3.2. How We Store and Protect Your Data
- Stateless Edge Infrastructure (US Storage): Our website infrastructure is hosted on Google Cloud Platform (GCP). The edge servers act as a stateless proxy; they securely transmit your form submissions directly to our CRM and instantly purge the memory. Routine edge hosting logs are stored strictly within the United States.
- CRM Storage (Global Distribution): Your submitted business contact data securely rests within our Customer Relationship Management (CRM) provider, HubSpot. HubSpot operates globally distributed databases, meaning your business contact data may be processed outside of your home jurisdiction.

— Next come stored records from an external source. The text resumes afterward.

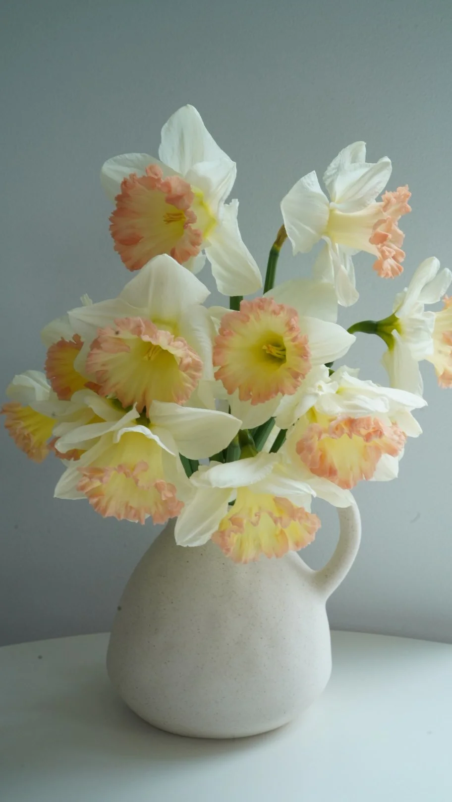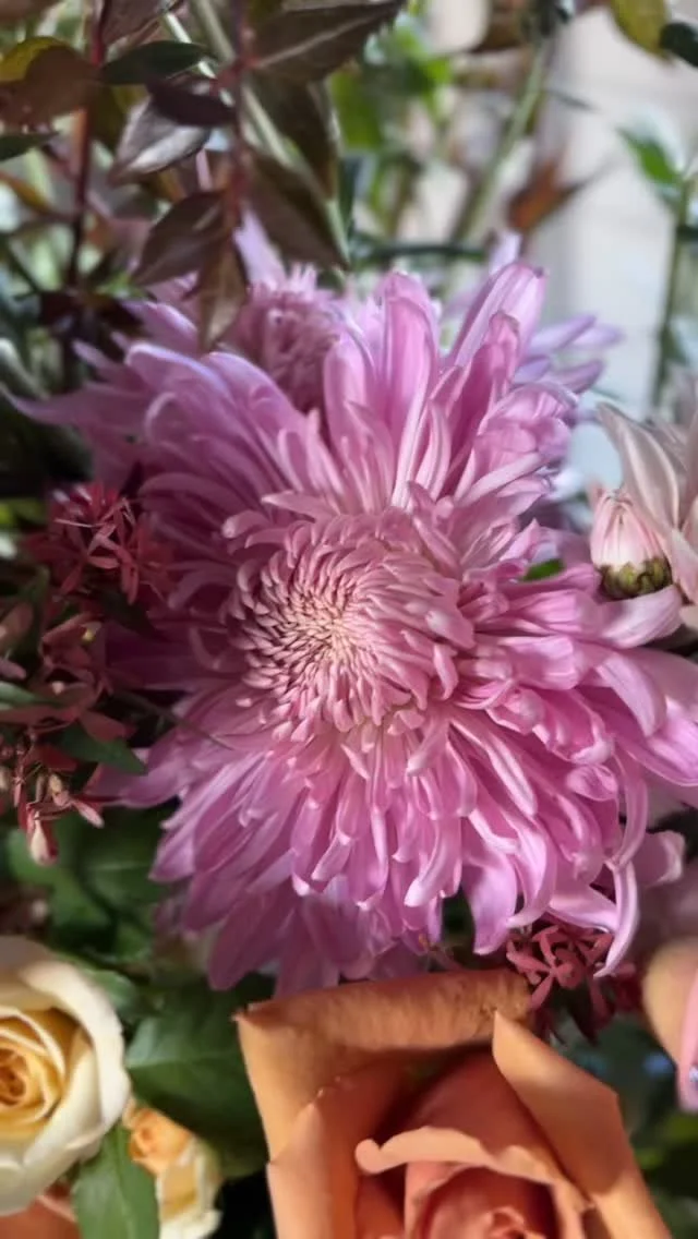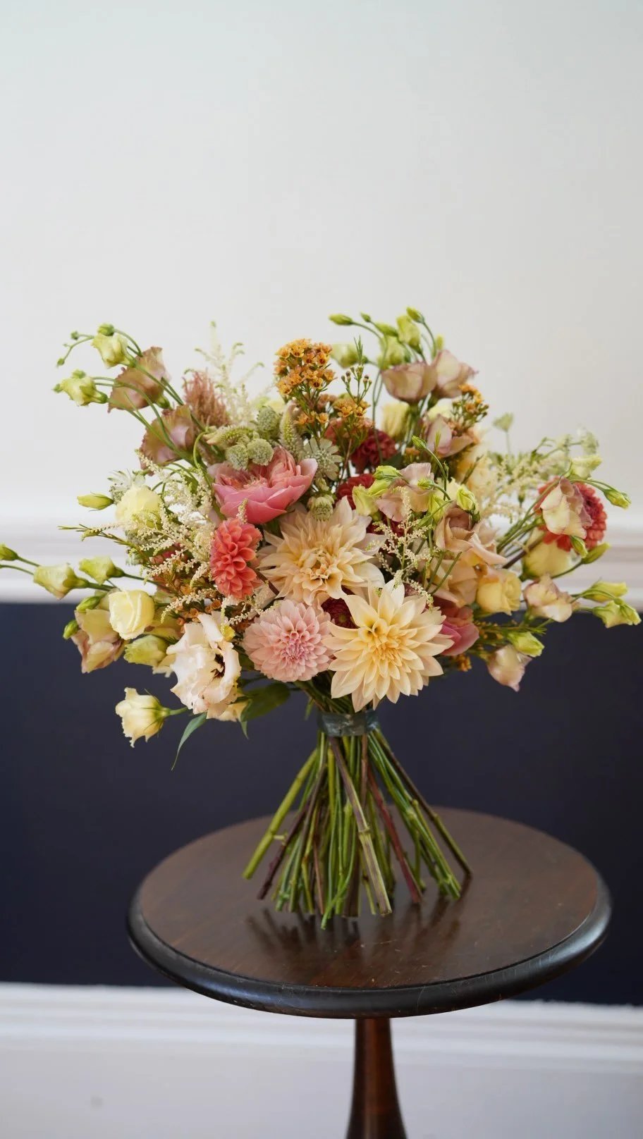 Our signature hand-tied bouquet is a lush, seasonal arrangement designed in our natural garden style. Each bouquet is wrapped in paper and prepared with a compostable water source so the flowers travel well and arrive fresh. The exact flowers change with the season, but every bouquet reflects the same thoughtful color palette and balanced design that define our work.
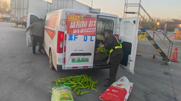 12月3日16時(shí)左右,一輛裝載蔬菜的綠通貨車(chē)在保定南站下路,在檢驗(yàn)過(guò)程中,當(dāng)查驗(yàn)拍照時(shí),車(chē)廂后門(mén)打開(kāi)的剎那,上面裝的尖椒灑落滿(mǎn)地。司機(jī)一下慌了神,露出了焦急的神情?!柏浿髡戎l(fā)貨。這可怎么辦啊,肯定會(huì)扣我的運(yùn)費(fèi)〞正在驗(yàn)貨的馬立杰趕緊安慰說(shuō):“師傅別急啊,我們馬上幫您裝上車(chē)?!?/span>
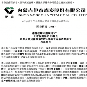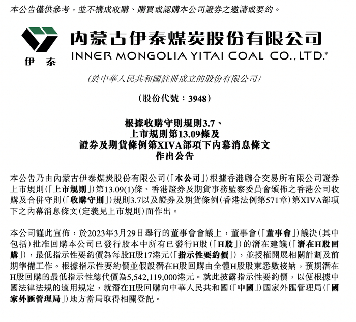 2023年3月29日举行的董事会会议上,伊泰煤矿议决批准回购所有已发行港股股份,最低指示性要约价为每股17港元,预期潜在回购的最低总代价为55.42亿港元。
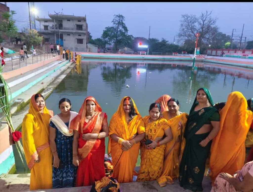 चैती छठ महापर्व पर व्रतियों ने दिया अस्ताचलगामी सूर्य को अर्घ्य
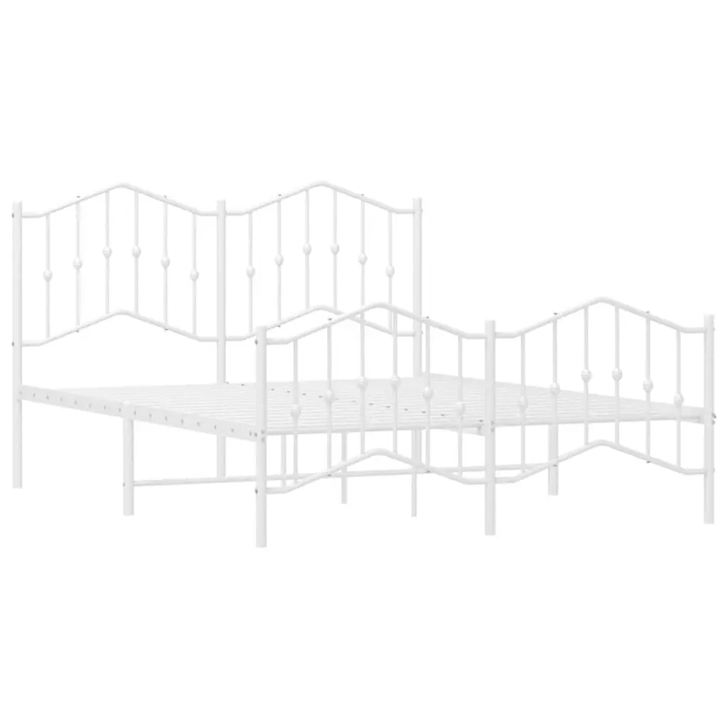 Vidaxl Bed Frame White Powder-Coated Steel King Bed Frame Rectangular
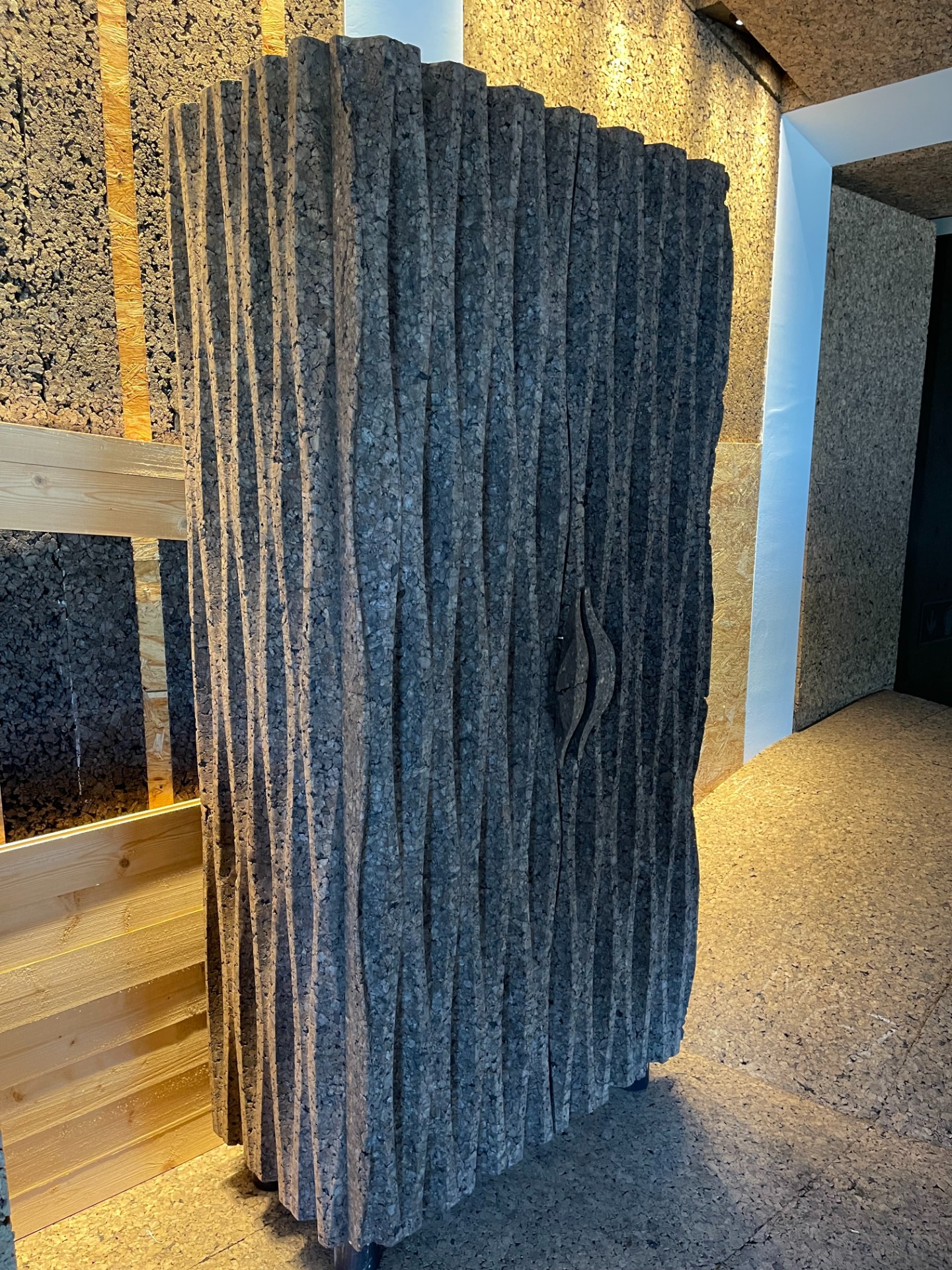 Tiene unas características excepcionales, es un gran aislante térmico y acústico que se puede utilizar para revestimientos tanto de paredes como mobiliario. Genera un gran valor y exclusividad en productos únicos de interiorismo.
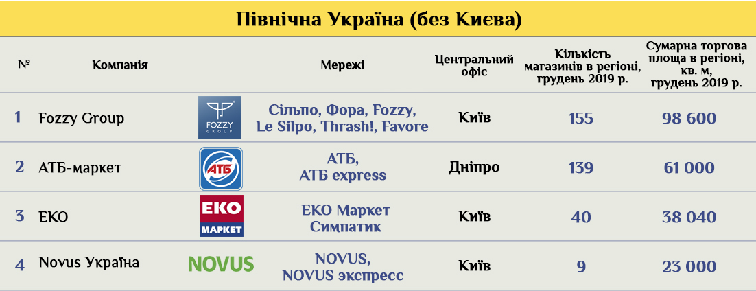В северных регионах страны, за исключением АТБ, в основном представлены сети с киевской пропиской, например, Novus, которая располагает девятью магазинами формата супер- и гиперпермаркет. А также два гипермаркета сети Мегамаркет общей площадью 16 740 кв. м.
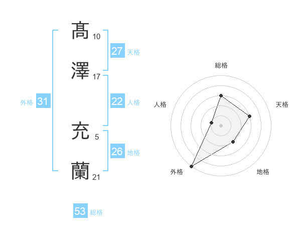 髙澤 充蘭さんの総格は53画の3点!
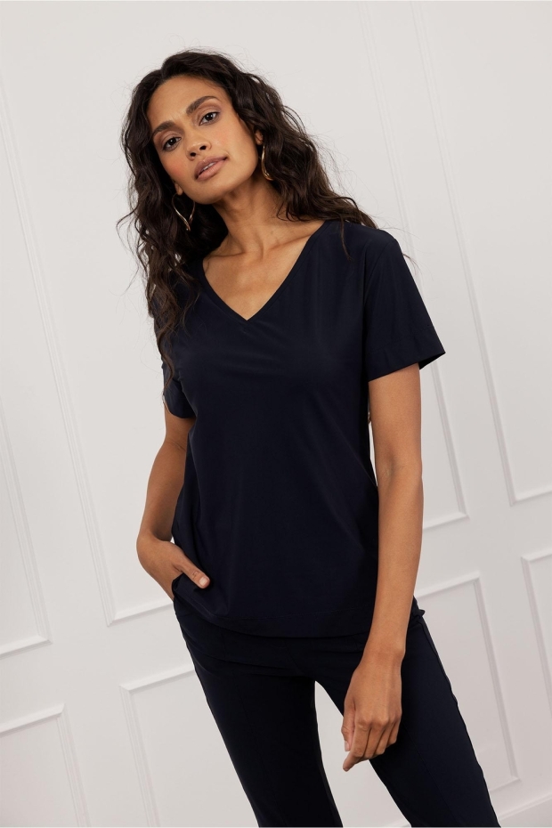 Ontdek de tijdloze elegantie en het comfort van het Roller shirt van STUDIO ANNELOES. Dit prachtige dames T-shirt in donkerblauw is een must-have voor elke garderobe, perfect voor zowel een casual als een chique look. Met zijn korte mouwen en hoogwaardige afwerking is dit shirt een toonbeeld van stijl en kwaliteit.

- Organizational Safeguards: Epikerdis LLC enforces strict internal data governance. Access to the HubSpot CRM containing your lead data is restricted to authorized personnel only, and Multi-Factor Authentication (MFA) is strictly enforced company-wide. Furthermore, we mandate that our core infrastructure vendors (Google Cloud and HubSpot) maintain active SOC 2 compliance.
3.3. Your Data Rights and Closed-Loop Verification
A. Exercising Your Rights Depending on your jurisdiction (such as under the CCPA/CPRA or GDPR), you have the right to request access to, correction of, or deletion of the personal information we hold about you. To exercise these rights, you must email your request to privacy@epikerdis.ai.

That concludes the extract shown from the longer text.